Vicente Verdú
No me gusta George Steiner. Siempre que le he escuchado dice lo mismo y siempre que le he leído me ha parecido insufriblemente un grado menos inteligente de lo que cabría esperar. Ahora, sin embargo, ha titulado un libro Los libros que nunca he escrito y lo acaba de publicar Siruela en su colección "El ojo del tiempo".

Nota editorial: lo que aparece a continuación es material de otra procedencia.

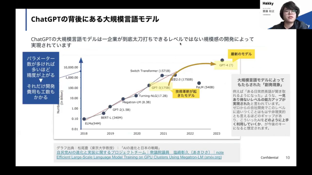 齋藤氏:「ChatGPTの背後にあるのは、私たちのような一般的な企業が対抗できるレベルを超えた大規模な言語モデルです。
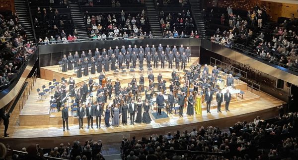 Les différentes sonorités des instruments ont été brillamment mis en œuvre jusqu’aux bruitages du percussionniste qui maniait des chaînes sur le plateau. La musique très dense se révèle merveilleuse ou inquiétante avec des accents fantastiques. Les effets sonores ont impressionné. Le public a entendu les flots, le tonnerre, des chants d’oiseaux… Sir Simon Rattle, le chef d’orchestre, a communiqué son enthousiasme en dirigeant cette partition étonnante, très moderne par de nombreux aspects. Le Chœur (Staatsopernchor Berlin) en renforçant la dimension dramatique a été magique.

El absoluto ojo del tiempo ve los libros que Steiner y todos los demás nunca hemos escrito. No hemos escrito prácticamente todos los libros existentes pero aquellos que nosotros "no hemos escrito" son un puñado no ya de temas y obsesiones sino de volúmenes (volubles bártulos) que circulan por nuestro alrededor. De ellos, unos apegaron su ausencia a la conciencia como taras culpables mientras otros se fueron disipando como pavesas que la distancia ha convertido incluso en una extraña liberación. De su conjunto, se ha deducido una rara incomplitud de la escritura pero tal vacío, a la vez, ha creado un perfil decisivo de nuestra imagen profesional y personal. Cada uno de los potenciales libros, transformado en éxito o en fracaso, en seña de identidad presente u olvidada, conformaría un semblante diferente de la Obra. Y hay libros que en miles de casos, exclusivamente por sí solos graban con fijeza la forma y la planta del escritor. Teniendo esto presente todo libro no escrito podría haber sido la estampa crucial de nuestra personalidad en la historia.
Para bien o para mal, para uno u otro reflejo concreto, ese libro que ahora camufla la ausencia, habría actuado como un molde central, una máscara de hierro. ¿Merecería la pena pues sopesar, recrear, investigar, el no de su realización? ¿Se erró o se atinó negándole evidencia? Preguntas imposibles de responder desde el mismo tiempo vivido. Preguntas propensas a la máxima corrupción enunciada después.
Los libros no se escriben porque parecen demasiado esfuerzo, porque el esfuerzo se muestra caprichoso en otra dirección, porque su escritura se aplaza, porque son en verdad libros de otros. Libros en fin que abandonados a su suerte el tiempo se encarga de engullir, metabolizar y expulsar convertidos sin duda en materia prima para otra obra imprevisible y de la que la ausencia primera actuará como presencia, abono efectivo que generará vida y luz. Luz iluminadora de todo el conjunto escrito (o no escrito) o luz maléfica que fomentará un turbión de interpretaciones sesgadas y de las que tantas veces se sirve la leyenda para bien o para mal. Para el azar. Porque lo más importante sería conocer si ese libro pensado, anotado, imaginado pero no escrito contuviera el sino de su no creador. Porque ¿sería entonces el sino del autor no haber escrito ese libro en lugar de verse determinado por aquel otro que, como en el amor, le dijo sí? ¿Será su sino ese sí? ¿Será su sino aquel no?
La interrelación con la escritura asusta. Las obras nos obran y las obras nos destruyen sin conocer de antemano su intención. Como en el amor, su intención la creemos parte integral de la nuestra pero lanzadas al tumulto de la vida general la intencionalidad adquiere caracteres incontrolables, imprevisibles y, en consecuencia, amenazantes. El público escribe a través del tiempo el rostro del autor cuya fisonomía va procediendo del transcurrir de la obra, la ausencia del libro sin escribir y la presencia del libro escrito que constituyen un todo continuo. Un todo holístico o hologramático tal como el sistema de llenos y vacíos de la vida personal, el cosmos de agujeros y masas, la involuntaria voluntad de representación que construyen tanto como destruyen el ser, un concepto tan extraño, tan virtual, tan intangible como la dialéctica de la ausencia que permite, con su fuerza, disfrutar del efecto presencial.